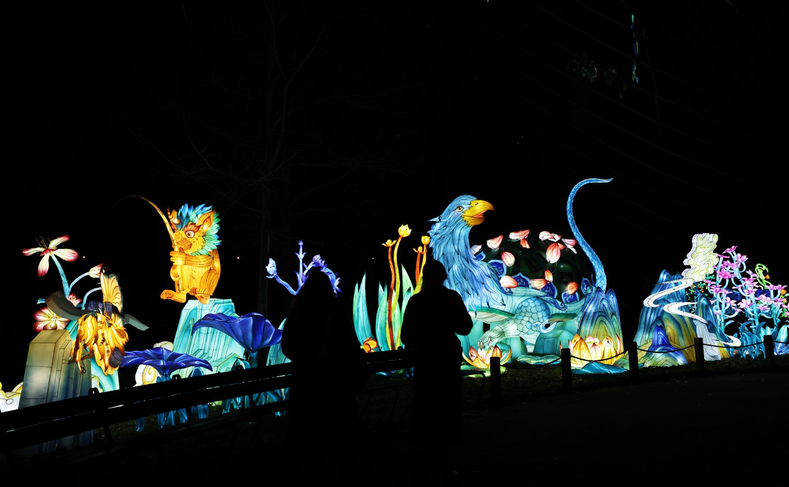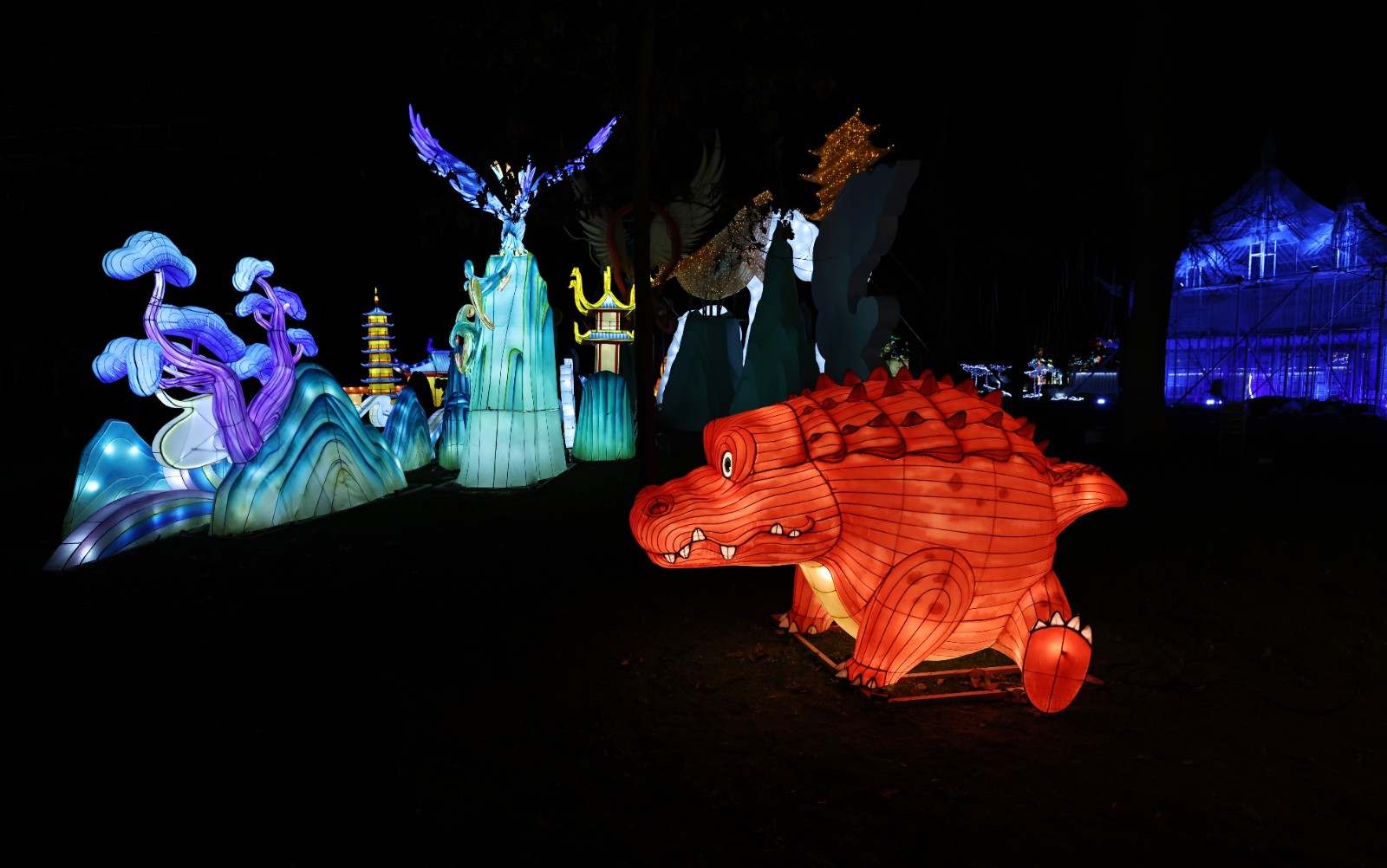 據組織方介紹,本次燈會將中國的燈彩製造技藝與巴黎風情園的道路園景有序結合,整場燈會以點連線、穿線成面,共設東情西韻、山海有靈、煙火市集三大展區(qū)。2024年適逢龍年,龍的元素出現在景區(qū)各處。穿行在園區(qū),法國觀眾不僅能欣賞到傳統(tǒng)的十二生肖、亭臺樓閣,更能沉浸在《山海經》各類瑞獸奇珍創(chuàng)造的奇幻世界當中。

--

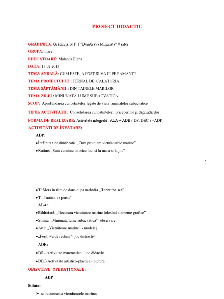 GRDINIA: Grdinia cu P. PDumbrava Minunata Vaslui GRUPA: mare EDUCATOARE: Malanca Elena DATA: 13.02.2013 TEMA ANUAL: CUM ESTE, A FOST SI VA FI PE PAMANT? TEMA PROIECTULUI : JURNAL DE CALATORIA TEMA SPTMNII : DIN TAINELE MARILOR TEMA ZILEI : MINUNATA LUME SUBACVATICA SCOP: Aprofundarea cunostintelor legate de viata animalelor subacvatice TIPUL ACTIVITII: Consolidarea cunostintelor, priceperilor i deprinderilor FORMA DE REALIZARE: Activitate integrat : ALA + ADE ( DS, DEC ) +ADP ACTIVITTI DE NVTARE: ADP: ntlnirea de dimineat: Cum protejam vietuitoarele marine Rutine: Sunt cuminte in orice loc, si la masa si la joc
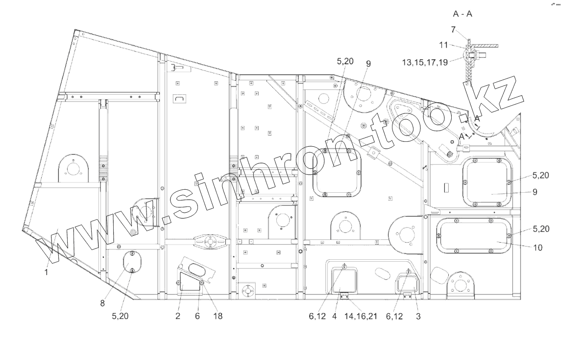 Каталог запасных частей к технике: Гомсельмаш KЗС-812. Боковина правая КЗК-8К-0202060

▶ **Prompt**
Leave out every picture, and copy exactly the lines above starting at the one holding "GRDINIA: Grdinia cu" and ending at the one holding "Каталог запасных частей", no more and no less.

▶ **Written reply**
 GRDINIA: Grdinia cu P. PDumbrava Minunata Vaslui GRUPA: mare EDUCATOARE: Malanca Elena DATA: 13.02.2013 TEMA ANUAL: CUM ESTE, A FOST SI VA FI PE PAMANT? TEMA PROIECTULUI : JURNAL DE CALATORIA TEMA SPTMNII : DIN TAINELE MARILOR TEMA ZILEI : MINUNATA LUME SUBACVATICA SCOP: Aprofundarea cunostintelor legate de viata animalelor subacvatice TIPUL ACTIVITII: Consolidarea cunostintelor, priceperilor i deprinderilor FORMA DE REALIZARE: Activitate integrat : ALA + ADE ( DS, DEC ) +ADP ACTIVITTI DE NVTARE: ADP: ntlnirea de dimineat: Cum protejam vietuitoarele marine Rutine: Sunt cuminte in orice loc, si la masa si la joc
 Каталог запасных частей к технике: Гомсельмаш KЗС-812. Боковина правая КЗК-8К-0202060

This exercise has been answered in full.